Collaborate effectively within a cross-disciplinary team, develop efficient analytical procedures, and draft/review laboratory SOPs. Identify discrepancies, investigate OOS/OOT results, and perform peer reviews of analytical reports. Maintain QC lab systems to ensure compliance with industry standards.

• Master of Science Degree in Chemistry, Pharmaceutical Sciences, or a related field.
• At least 1 year of experience in drug safety and/or quality control.

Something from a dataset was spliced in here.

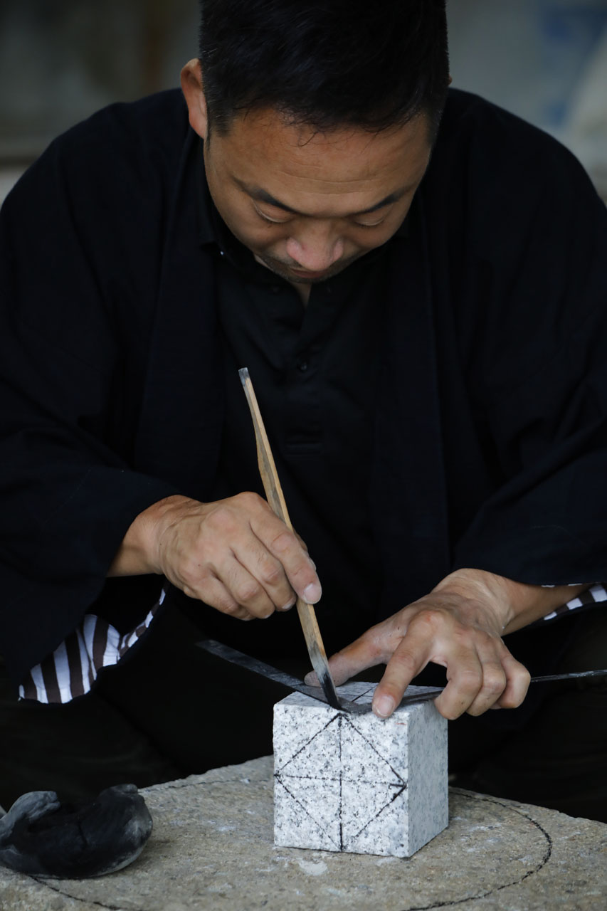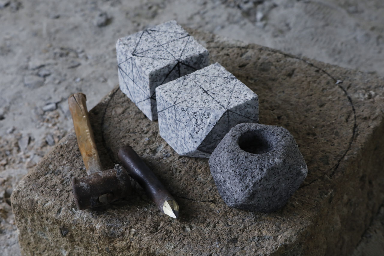 多彩な石灯籠を製作してきた京石工芸の職人が、現代のライフスタイルに合う多彩な製品を制作します。手作業で豊かな風合いに仕上げられた表面が暖かく暮らしを包み、照らします。

• Experience in analyzing and monitoring stability studies under various conditions for out-of-trend results.
• Experience validating analytical methods for assay, dissolution, and related compounds, including precision, accuracy, recovery, linearity, robustness, LOD, and LOQ, using HPLC, GC, and UV spectrophotometry per ICH and FDA guidelines.
• Proficiency with instruments such as HPLC, UV/VIS, Dissolution (USP I, II & III), and FTIR.
• Ability to operate and troubleshoot analytical instruments effectively.
• Experience with various analytical methods for drug products, including related substances, assay, dissolution, and cleaning methods for solid orals, liquid orals, ophthalmic, and injectables.

Work hours: Monday to Friday, 9 am - 5 pm. Must have proof of legal authority to work in the United States. Salary range: $78,374 - $96,000 annually.